Is every rigid field perfect?

Solution 1:

The answer is no.

The natural place to look for a rigid field is in the function field of a generic, high genus smooth curve. For instance, over the complex numbers, Hurwiz's automorphism theorem guarantees that a compact Riemann surface of genus $g>1$ has at most $84(g-1)$ automorphisms. Having at least one nontrivial automorphism, for a Riemann surface of genus $g>2$, should be viewed as a very special property (genus $2$ is not sufficient, because genus $2$ curves are all hyperelliptic, and therefore admit an involution).

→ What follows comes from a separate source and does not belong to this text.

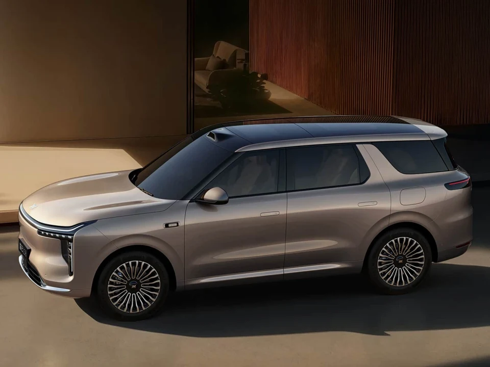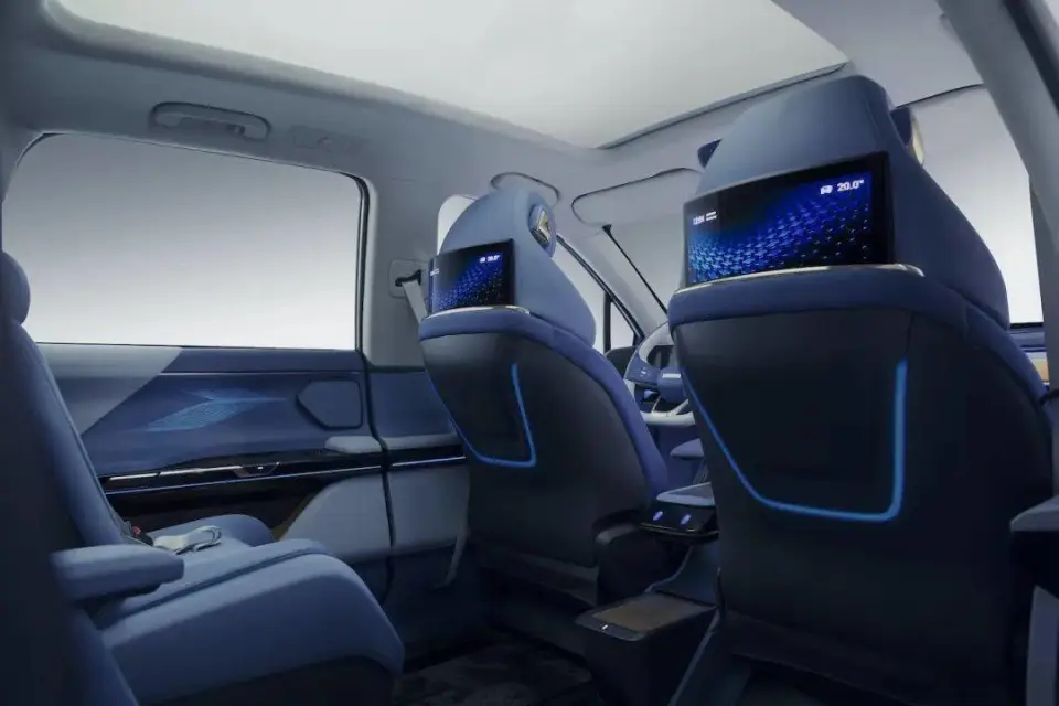 外观延续家族星环灯设计,贯穿灯带加T型大灯,激光雷达整合在车顶不突兀。提供5座和6座布局,第三排实测膝部空间812毫米,头部靠内凹设计补偿,孩子坐着不憋屈。后备箱5座版650L起步,拓展后能当床车用。
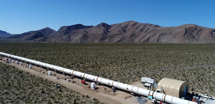 Sie ist fertig: die erste Teststrecke von Hyperloop One. Mitten in der Wüste Nevadas, umgeben von Bergen und Stoppelgras, steht die 500 m lange weiße Röhre. Künftig wollen Ingenieure hier Passagierkapseln für den Überschallzug testen.

This paper of Bjorn Poonen shows that for any field $k$ and any integer $g \geq 3$, there exists a smooth curve $X$ of genus $g$ over $k$ such that $X$ has no nontrivial automorphisms over $\overline{k}$ (so, a fortiori it has no automorphisms over $k$).

Taking $k=\mathbf F_p$, it follows that the function field $\mathbf F_p(X)$ of such a curve $X/\mathbf F_p$ is rigid. However, being a finite extension of the rational function field $\mathbf F_p(T)$, it cannot be perfect, or else it would contain all $p$-power roots of $T$, and would have infinite degree over $\mathbf F_p(T)$.